A few days ago a coworker of mine sent me a recent article by Paul Ramsey (of Postgis et al. fame) reflecting on what would a Cloud Optimized Vector format look like. His shocking proposal was … (didn’t see that coming)… shapefiles!
I understand the article was written as a provocation for thought and as such makes some really good points. I also think that the general discussion over what a “cloud optimized vector” format would look like can be productive, but I am afraid that some less experienced developers (or, God forbid, managers!) would take the proposal of pushing shapefiles as the next cloud format a bit too literally, so I thought I would give some context and counterpoint to that article.
Him being Paul Ramsey and me being… well… me, I’d better motivate my opinion, so here comes a longish post. I will try to analyze what makes something cloud optimized based on the COG experience, see how that could be applied to a vector format, then justify why shapefiles should be (once again) avoided and finally see if we can get any closer to an ideal cloud vector format.
Cloud Optimized GeoTiffs are technically just a name for a GeoTiff with a particular internal organization (the sequencing of the bytes on disk). Tiff is a old format (old as in venerable) that allows for huge flexibility in terms of internal storage, data types, etc… For example, an image can be stored on disk one line after the other or, as is the case with COG, in small square “mini images” called tiles. Those tiles are then arranged in a larger grid and then several coarser-resolution layers (called overviews) of such grids can be stacked together to form an image pyramid.
Of course, all data is properly indexed within the file so that accessing a tile of any pyramid level is easy (seeking byte ranges and at most some trivial multiplications or additions).
Whenever data is fetched in chunks through a channel with some latency (be it disk transfer or network), the efficiency of the overall processing can be improved by organizing data in the same order it will be read by the algorithm to compensate for the cost of setting up each read operation (seek times of spinning disks or protocol overhead in network communications).
A corollary of this is being that data formats are not efficient per se, in the void: it will always depend on the process/algorithm/use case. For example, for a raster point operation (such as applying a threshold mask for some value), organizing data line by line with no overviews is more efficient than a COG would be (…and that is why the Geotiff spec allows for different configurations).
When dealing with spatial data, that principle gets hit by a loose version of Tobler’s First Law: data representing an area nearby is more likely to be accessed next. For example, when a user is viewing an image, tiles that are close to the ones on screen are more likely to be fetched next than tiles representing remote areas (because users pan, do not jump randomly).
So what is the use case COG is having in mind? Well, in case you hadn’t figured it out already, it is mainly visualization1. Overviews allow for zooming in and out efficiently and tiles help with moving along a subset of the higher resolution.
This also turns out to be a pretty sensible organization if you cannot know in advance what kind of processing will be performed, because it gives you fast access to a manageble piece of the data: be it a summary (overview) or a subset (a slice of tiles) or a combination of both.

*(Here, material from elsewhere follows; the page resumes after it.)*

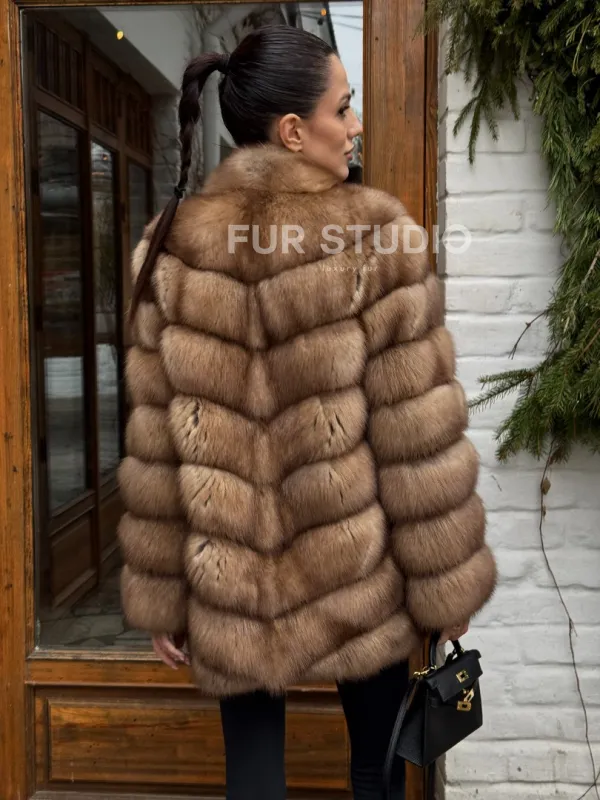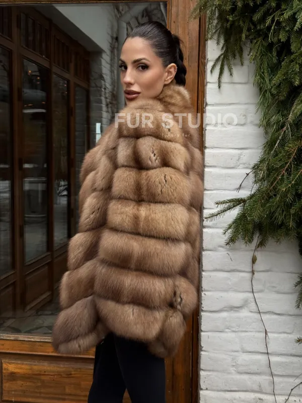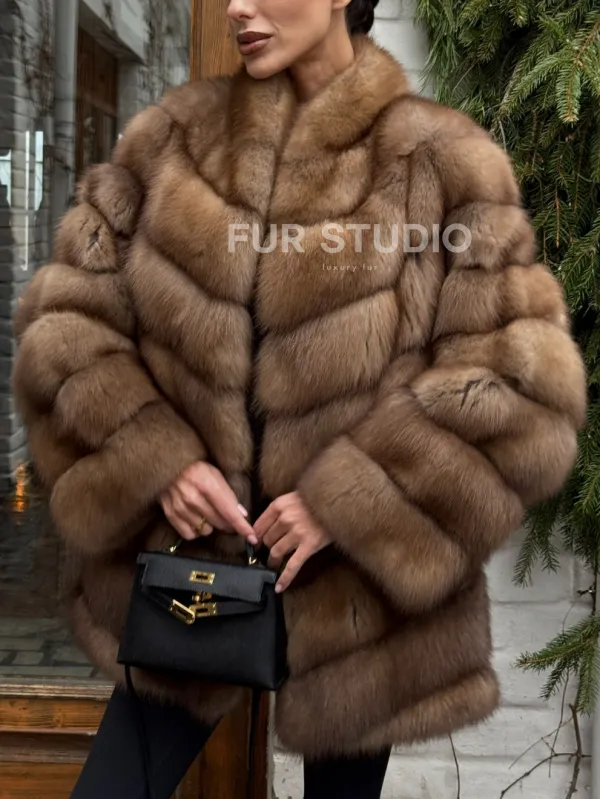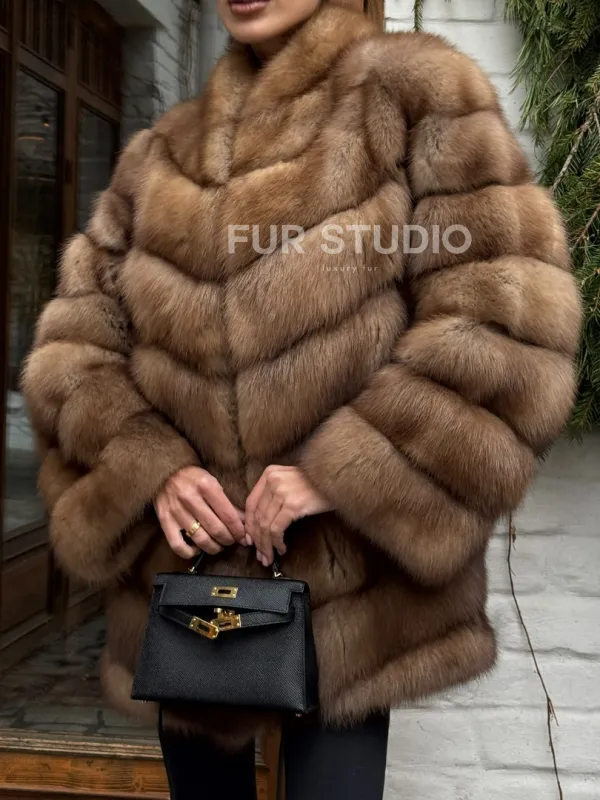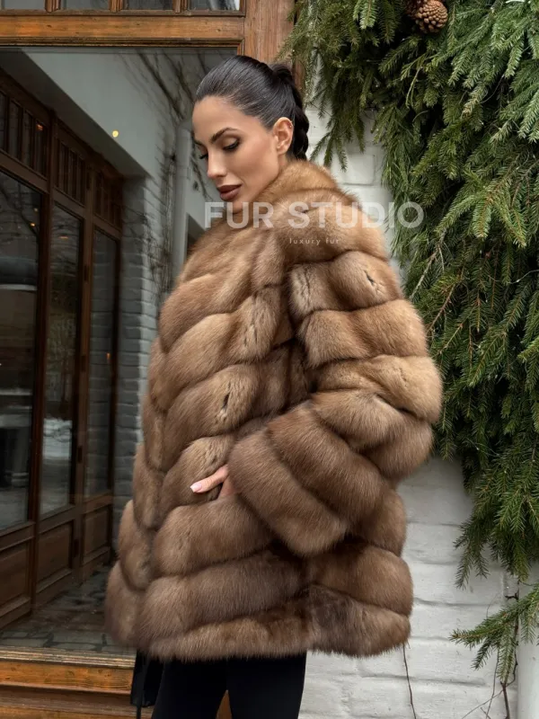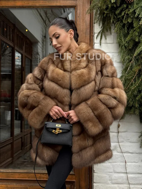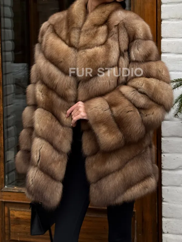 Полушубок из куницы с воротником V-образным доступна для покупки в нашем шоуруме Furs Studio в . У нас так же есть доставка во все города России. Добавьте немного роскоши в свой гардероб с этой шубой, которая будет служить вам многие годы.
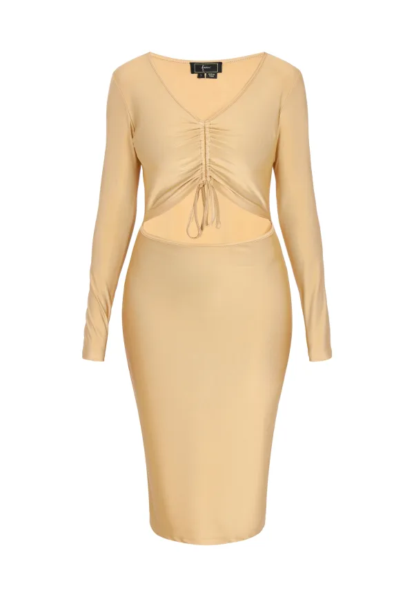 Design: Gevoerde zoom/rand, Om te knopen/binden; Materiaal: Jersey; Halstype: V-hals; Motief: Effen; Details: Cut-outs, Gedrapeerd; Extra's: Metallic look; Lengte: Knielengte; Snit: Figuur omarmend; Pasvorm: Aansluitende pasvorm; Armlengte: Lange mouw

Notice what it does not allow, though: it leaves you in the dry if you need a subset based on the content of the data: eg. I would like to see all pixels with a red channel value of 42: in that case you would have to read the whole image.
COG is just a name for a GeoTiff implementing that organization. It goes a bit further than that by forcing a particular order3 of the inner sections, which is smart because a client can ask for a chunk at the beginning and it will take all the directores (think indices, metadata) and probably some overviews, which makes sense, because most viewers will start with the lowest zoom that covers the bounding box. It is also a nice organization for streaming tiles of data.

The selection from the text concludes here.